Aim of the task:
Repeat only the lines below that run from the line with "脆弱性を探索する手法には、「" to the line with "Because the case", ends included; skip every picture.

Data items

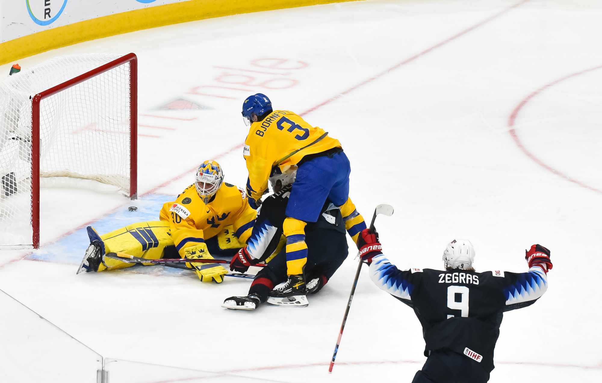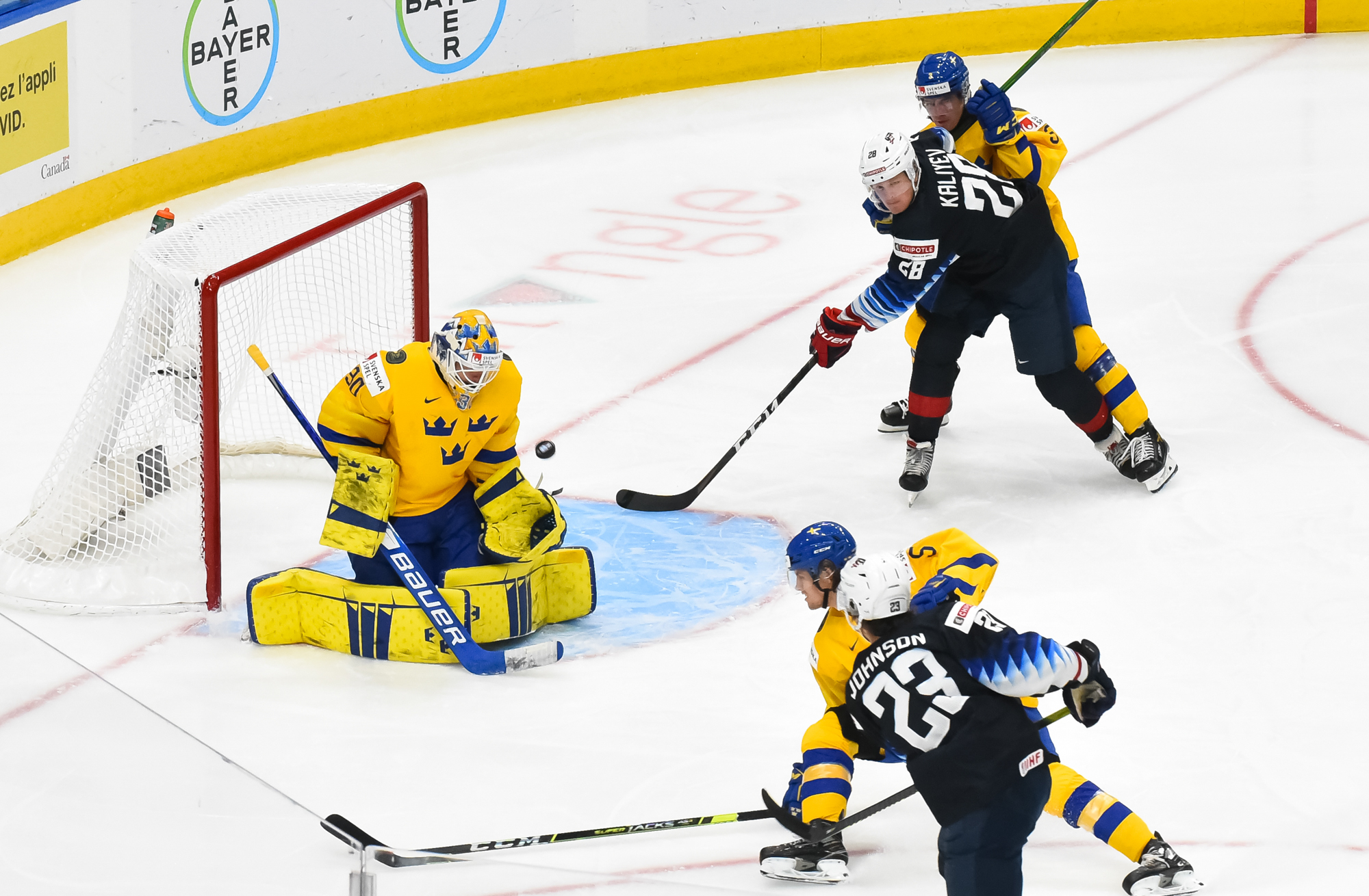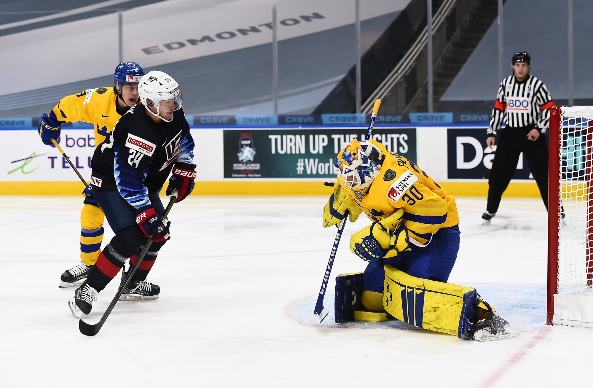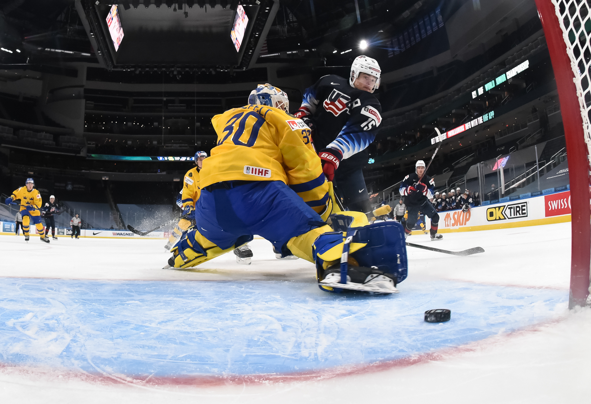 Knight was lucky as well as good. Near the 13-minute mark, Albin Sundsvik had a marvelous chance to convert a wraparound, but Knight, who had missed the initial U.S. shot, stuck out his right pad to foil the Swedish forward. On a power play late in the second, Elmer Soderblom had the goalie beaten, but rang it off the post.
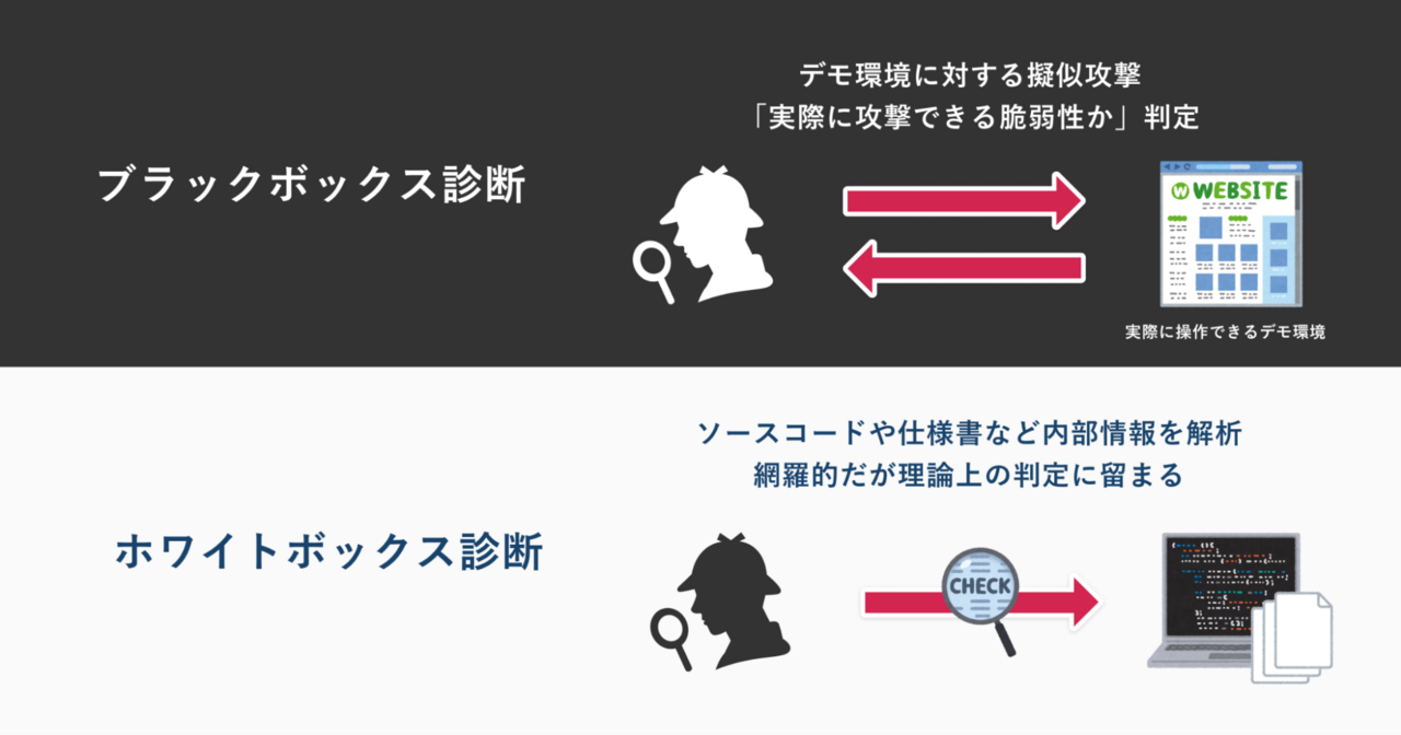 脆弱性を探索する手法には、「ブラックボックス診断(DAST)」と「ホワイトボックス診断(SAST)」と呼ばれるものがあります。それぞれのメリット・デメリットを紹介しましょう。
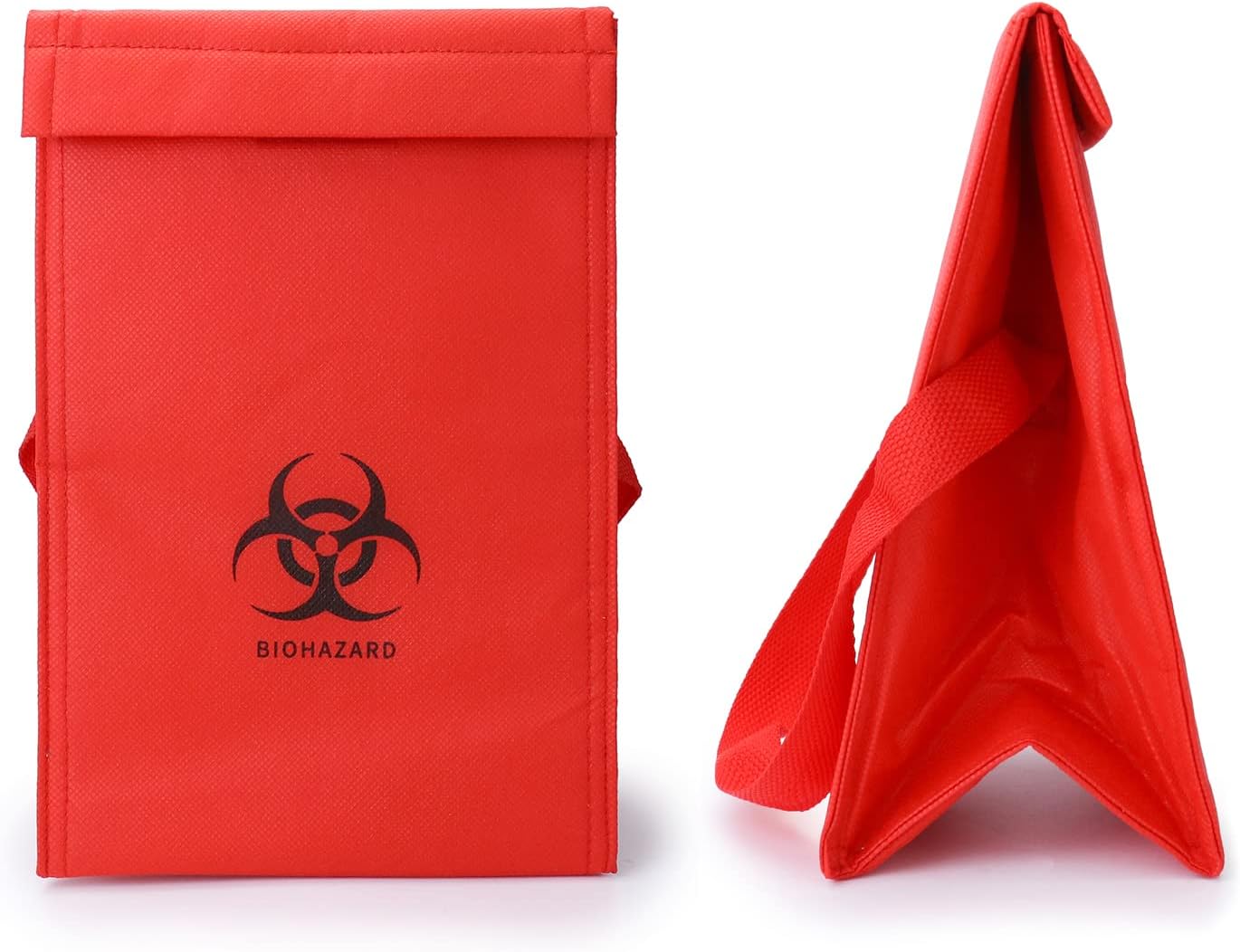 QWORK Medical Specimen Transport Bag, 4 Pack, Bio Transport, 6.75″ x 10″ x 5.75″, Red
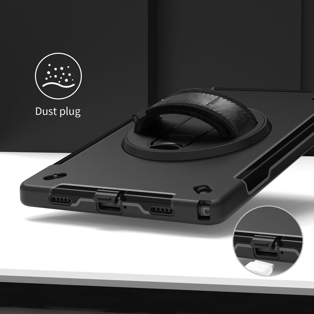 Because the case includes raised edges, the screen and camera gain added protection when the tablet rests on flat surfaces. In addition, the adjustable hand strap allows secure one-handed use while moving, reading, or working.
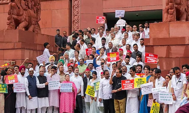 இந்நிலையில் பீகார் சட்டமன்றத் தேர்தலுக்கு முன்னதாக இந்தியத் தேர்தல் ஆணையத்தால் மேற்கொள்ளும் சிறப்பு தீவிர திருத்த (SIR) நடவடிக்கைக்கு எதிராக இந்தியா கூட்டணி எம்.பி.க்கள் நாடாளுமன்றத்திற்கு வெளியே போராட்டம் நடத்தினர்.
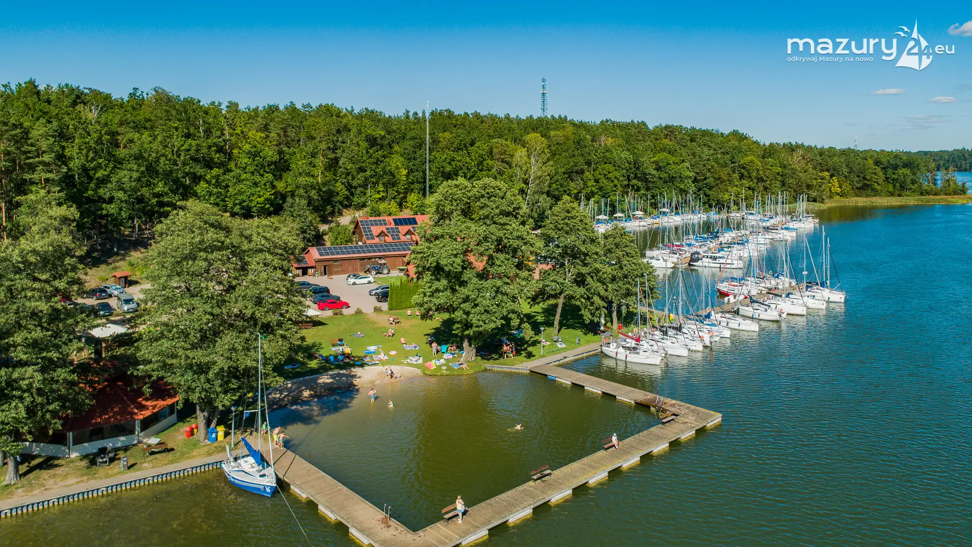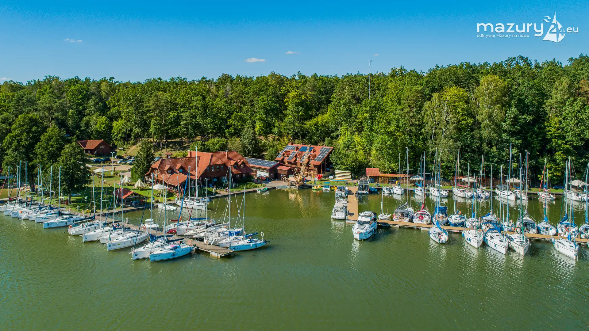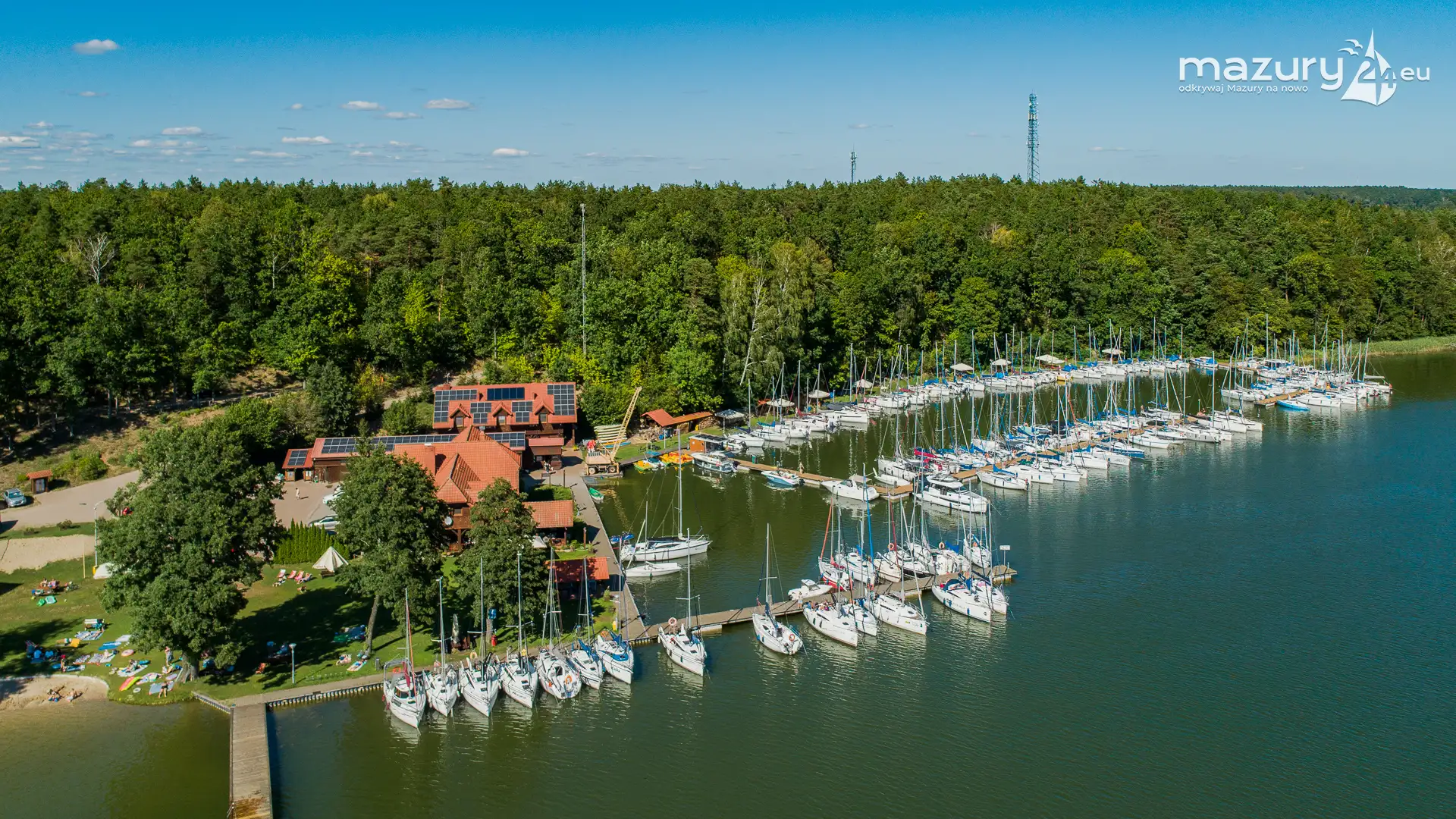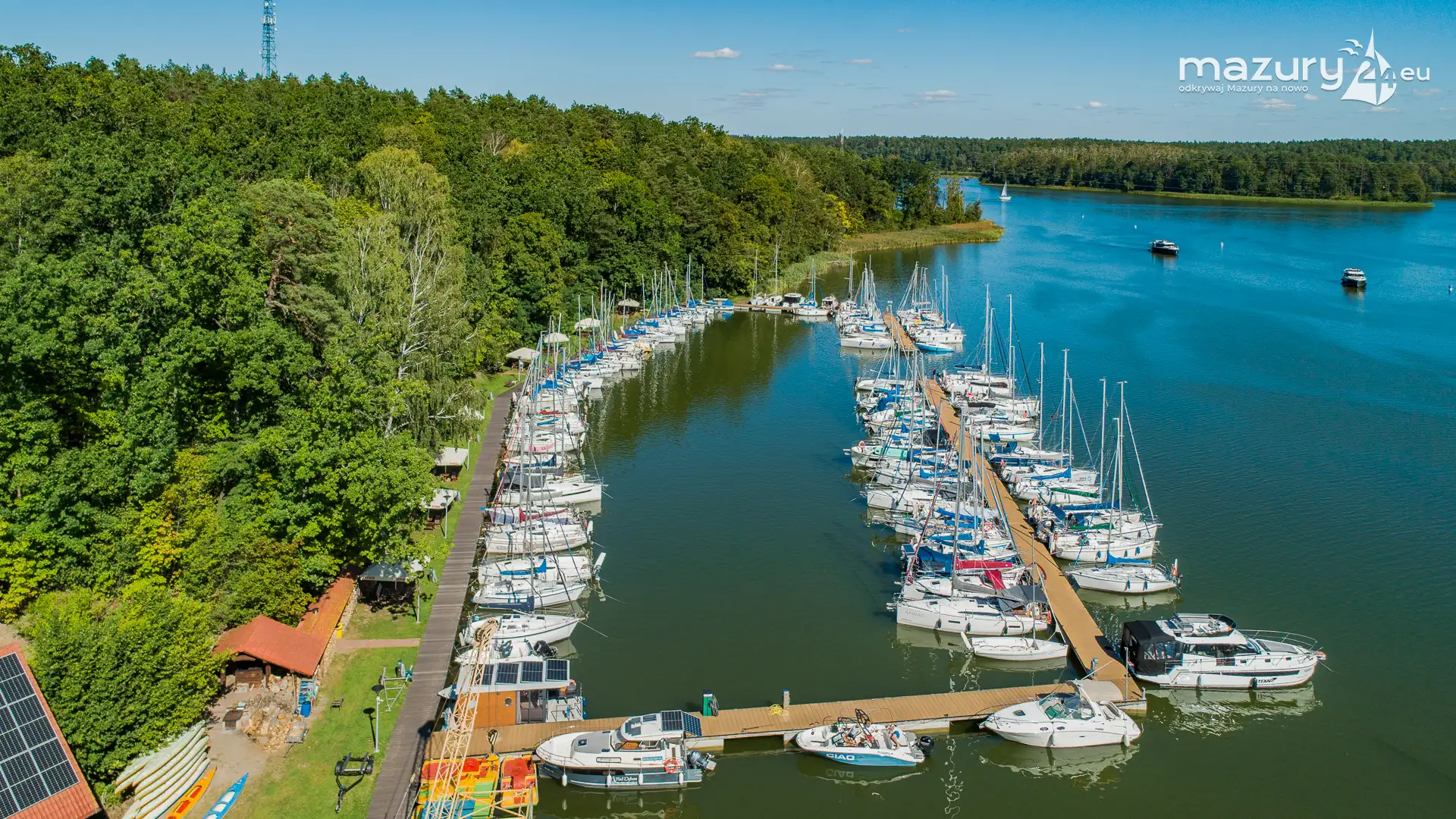 W drugiej połowie sierpnia 2025 wzbiliśmy się nad jezioro Nidzkie by w kadry złapać jedną z piękniejszych, mazurskich marin. Jest to też miejsce, które oddziela żeglarską od motorowodnej części jeziora Nidzkiego. Polecamy to miejsce na wypoczynek, cumowanie, urlop, czy... wynajem sprzętu wodnego lub czarteru.

Written solution:
 脆弱性を探索する手法には、「ブラックボックス診断(DAST)」と「ホワイトボックス診断(SAST)」と呼ばれるものがあります。それぞれのメリット・デメリットを紹介しましょう。
 QWORK Medical Specimen Transport Bag, 4 Pack, Bio Transport, 6.75″ x 10″ x 5.75″, Red
 Because the case includes raised edges, the screen and camera gain added protection when the tablet rests on flat surfaces. In addition, the adjustable hand strap allows secure one-handed use while moving, reading, or working.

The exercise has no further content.